Weather Floods, dust storms, bushfire: Welcome to January
Updated:

Floods, dust storms, bushfire: Welcome to January

Bushfires
Getty
Share
Twitter Facebook Reddit Pinterest Email

· Catastrophic fire ratings for parts of SA, WA
· Hot weather puts much of SA on bushfire alert
· Clean up begins after Cyclone Christine hits WA

While the eastern states of Australia enjoy a mild start to the year, parts of central and west Australia are bracing for the nation’s highest ever recorded temperature, dust storms and potentially catastrophic bushfires.

After a muggy start to the new year, Melbourne’s skies opened late on New Year’s Day and Sydney recorded a blustery but warm start to the year. But it was a much less comfortable story in other parts of the nation.

Meteorologists were waiting to see if Alice Springs would break its hottest ever January temperature this week. All eyes were on the 1960 January record temperature which, at 45.2C, was under threat.

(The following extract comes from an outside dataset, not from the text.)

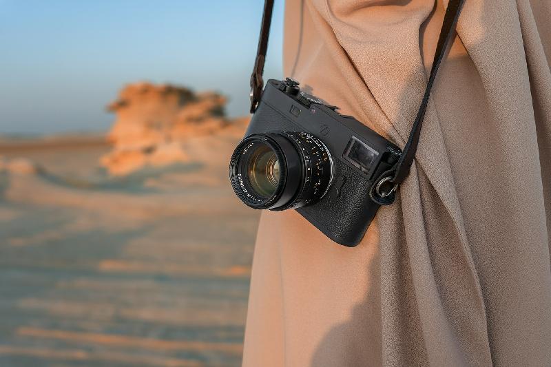 The all-metal body, high-quality aluminum top plate, sapphire glass display, leatherette covering, and scratch-resistant black finish contribute to the camera’s timeless appeal. Details such as the omission of the Leica logo and dark chrome-plated coating of the optical viewfinder accentuate the camera’s understated, iconic design.
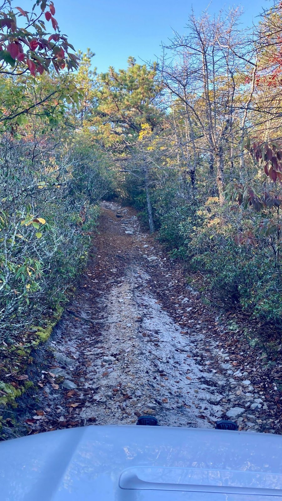 About 1.7 miles into the trail they came to a fork in the trail where the club has gone left in recent years. The left fork takes 1.5 miles to climb the mountain up some switchbacks and the right fork takes a more direct 0.8 mile route up the mountain. Despite being steeper there were no notable obstacles. The right fork did seem slightly narrow with some pinstriping that the left fork didn’t have in the summer.

The thermometer had not strayed below a daily maximum of 43 degrees Celsius since Monday. Jervois Cattle Station, north-east of Alice Springs, recorded a maximum of 44.8C.

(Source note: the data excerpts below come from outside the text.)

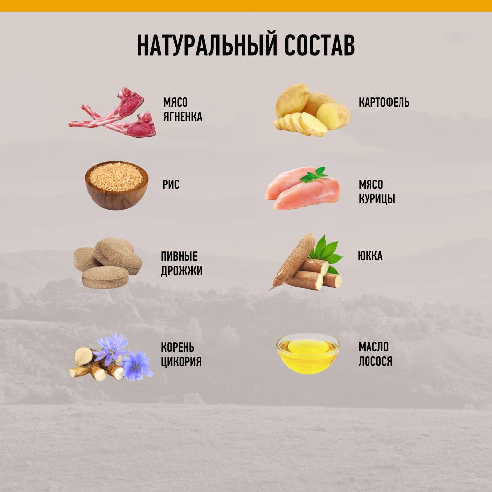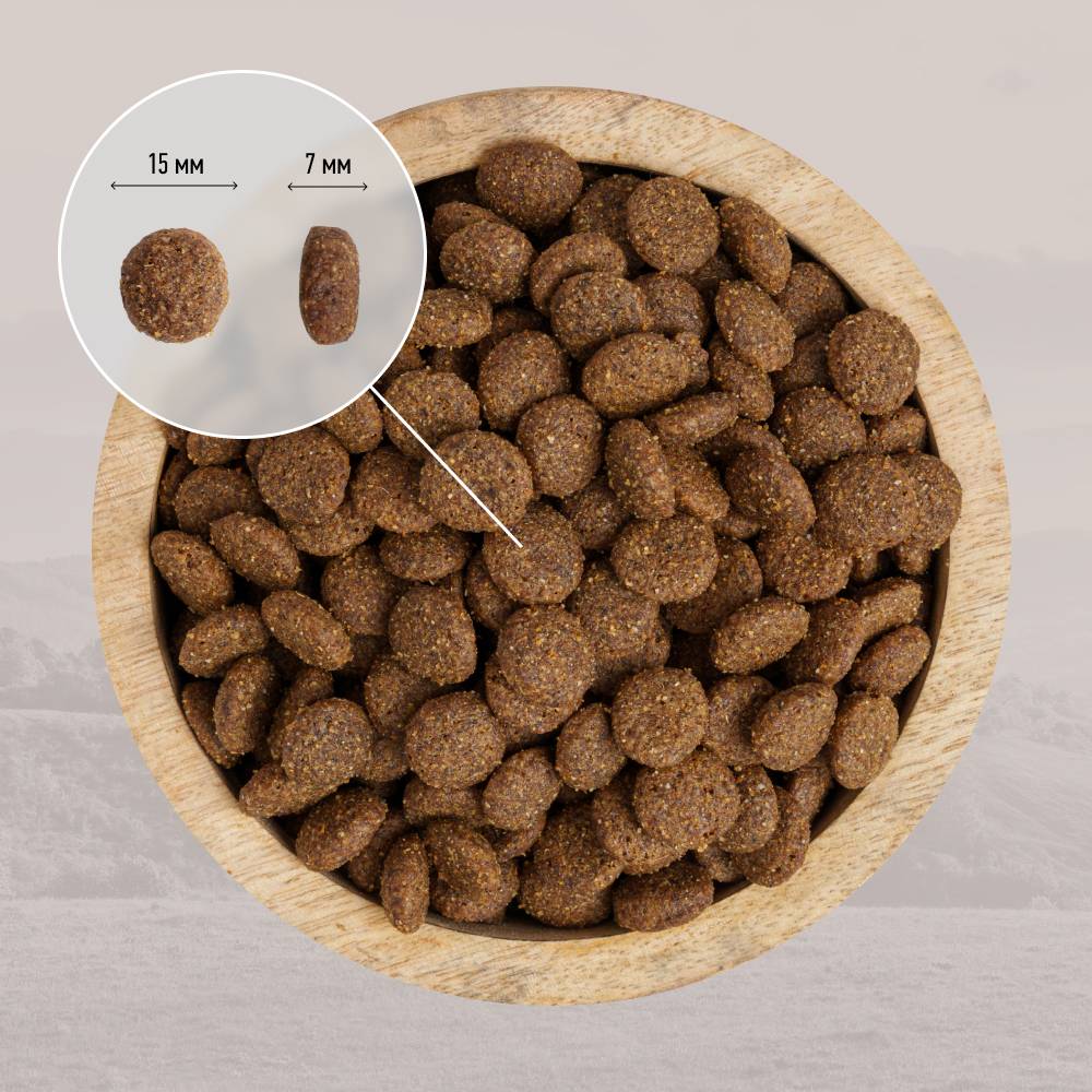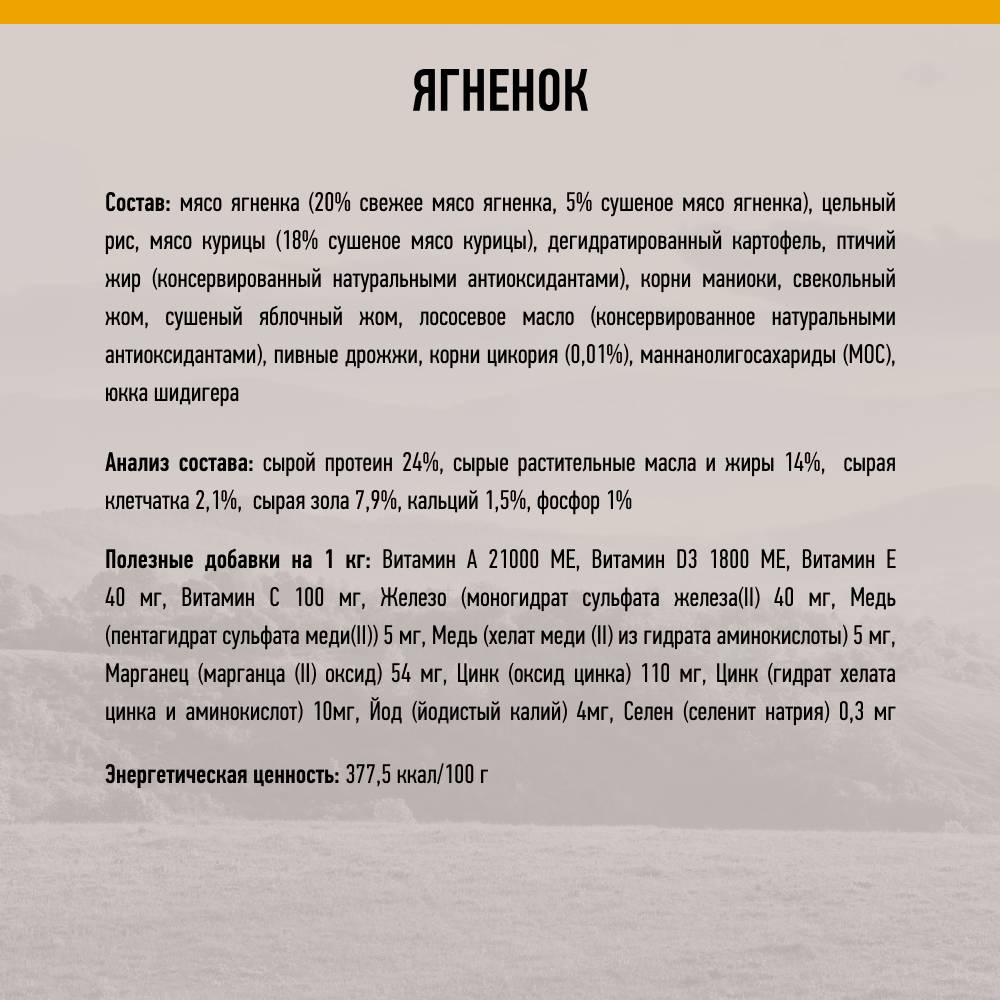 - В гранулах сухого корма содержится 43% ингредиентов животного происхождения, из которых 20% свежее мясо ягненка.
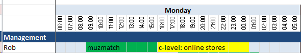 in this example image, Rob is working on muzmatch work from 09:00 - 15:00
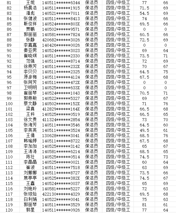 晉城市潔霸清潔服務(wù)股份有限公司職業(yè)技能等級認(rèn)定中心現(xiàn)將2024年2月4日認(rèn)定人員成績公示如下:
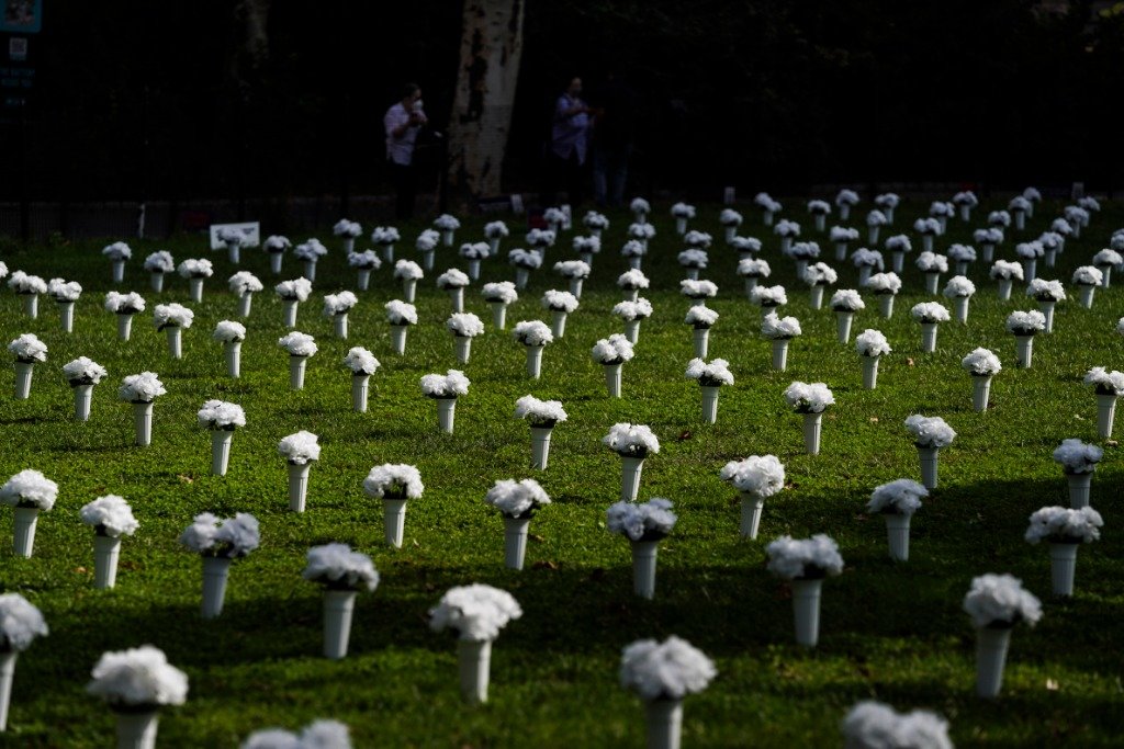 这是2021年10月8日在美国纽约炮台公园内拍摄的为悼念枪支暴力遇难者摆放的白色瓶花。新华社记者王迎摄

Challenging conditions for SA

Extreme heat was also expected in parts of outback South Australia, with temperatures expected to come close to the highest official maximum recorded in Australia. That benchmark was set at Oodnadatta on January 2, 1960, when the mercury climbed to a scorching 50.7 degrees Celsius. Temperatures there on Wednesday and Thursday were forecast to reach 49 degrees.

Meanwhile, South Australia was facing the dual threats of bushfire and cyclone.

The northern parts of the state were braced for Ex-Tropical Cyclone Christine which was expected to bring gale force winds and dust storms.

The Bureau of Meteorology said Christine would reach the state’s western border on Thursday morning and slowly weaken as it moved into New South Wales on Friday.

The bureau’s acting regional director, John Nairn, said it was very rare for former tropical cyclones to pass across South Australia.

“The last tropical cyclone I saw come through South Australia was Tropical Cyclone Vance [in 1999] and that dropped through and went straight through the head of the Bight and out to sea,” he said.

“Very significant gales [were] brought with it but it didn’t track across land so that’s certainly brought us more concern this time. We’re forecasting a dust storm to come through with that so we anticipate some reduced visibility conditions.”

WA, SA bracing for ‘catastrophic’ fire threat

Compounding the concerns for residents and emergency services workers, ‘catastrophic’ fire ratings were also in place for parts of South Australia and Western Australia.

In South Australia, total fire bans were declared for 13 districts and four of them had been given a catastrophic fire danger rating.

The CFS said that in areas with catastrophic fire danger ratings even well prepared, well constructed and defended homes may not be safe during a fire.

WA flood threat

As the threat from ex-Tropical Cyclone Christine moved east, flood warnings were issued by the Bureau of Meteorology for two rivers in Pilbara and a flood watch alert for the Goldfields area.

The Bureau also issued a severe weather warning for a large part of the state’s southeast on Wednesday. Flash floods and winds of up to 100km/h were expected as the storm moves southeast across the state.

Farmers and others living in the Goldfields have been warned to prepare for flooding after up to 100mm of rain fell in the 24 hours to 9am (WST) on Wednesday.

The Department of Fire and Emergency Services says people living in an area bordered by Eucla, Balgair, Leinster, Wiluna, Carnegie and Giles should prepare for dangerous conditions throughout the day.

The clean-up has begun in areas close to the point Christine made landfall in the state’s northwest at midnight on Monday.

Roebourne councillor Robin Vandenberg said locals were used to cyclones and knew how to get back up and running quickly.

“We got the power back around 5.30pm yesterday afternoon,” he said. “Driving around last night the areas around here all seemed to be back on.

“It’s a beautiful day here today, everything is getting back to normal.”